Data Snapshot: Singapore and Regional Macro Forecasts

The latest macro projections for Singapore and its regional peers offer important context for investors:

  • Singapore’s real GDP growth is forecast at 2.8% for 2026, down from 4.3% in 2025, with headline inflation averaging 2.9% (up sharply from 1.0% in 2025).
  • Unemployment is expected to remain steady at 2.0%, indicating a still-resilient labor market despite rising costs.
  • Singapore’s current account surplus remains robust, projected at 15.0% of GDP for 2026, supporting the external position.
  • Regional inflation trends are mixed, but Singapore’s sharp upward revision stands out and may affect competitive positioning and equity valuations.

What Could Move Share Prices?

  • Consumer and Retail Stocks: Companies in these sectors could experience margin pressure from rising input and operating costs, particularly those unable to pass on costs to consumers.
  • Transport and Energy-Intensive Businesses: Operators of logistics, transport, and other energy-dependent sectors are likely to see increased cost headwinds.
  • Financial Sector: The prospect of further MAS tightening (via the S\$NEER) could affect banking sector margins, lending activities, and capital flows.
  • Telecommunications: The repricing of mobile plans and higher costs may influence both revenue growth and consumer demand in this sector.
  • General Market Sentiment: Persistent inflation above MAS targets and policy tightening could weigh on equity market valuations and increase volatility, especially in consumer-facing and rate-sensitive sectors.

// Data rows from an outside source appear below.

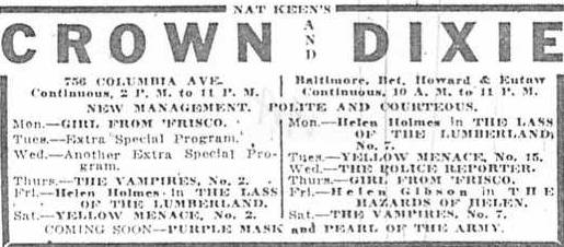 - 1110 South Charles Street Listed under Moving Pictures - 1910 -1912-1914-1917 Baltimore Directory |
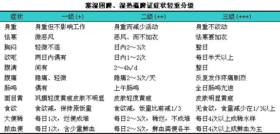 寒湿困脾、湿热蕴脾证症状轻重分级
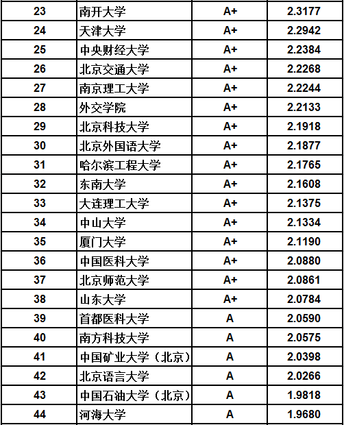 本科毕业生就业质量指标用排名加等级标识,等级标准如下

Summary Table: Key 2026 Forecasts for Singapore

Indicator 2025 2026F
Real GDP Growth (% yoy) 4.3 2.8
Headline Inflation (average, % yoy) 1.0 2.9
Headline Inflation (end-period, % yoy) 1.3 3.3
Unemployment Rate (end-period, %) 2.0 2.0
Current Account Balance (% of GDP) 16.4 15.0
International Reserves (US\$ bn) 380.0 390.0
SGD/USD (end-period) 1.30 1.31

Conclusion

For investors and shareholders, the upward revision of Singapore’s inflation outlook and rising energy costs are highly significant, with broad-based effects across the economy and equity market. The risk of further MAS tightening and potential for persistent cost increases underscore the need for close monitoring of cost-sensitive sectors and companies with limited pricing power. These developments are likely to affect market sentiment and could move share prices, especially for retail, transport, energy, and consumer-oriented stocks.



Disclaimer: This article is intended for informational purposes only and does not constitute investment advice or a recommendation to buy or sell any security. While all information is believed to be reliable as of the date of publication, no representation or warranty, express or implied, is made as to its accuracy, completeness, or correctness. Investors should conduct their own research and consult with qualified financial advisors before making any investment decisions. The author and publisher accept no responsibility for any losses or damages arising from reliance on the information presented herein.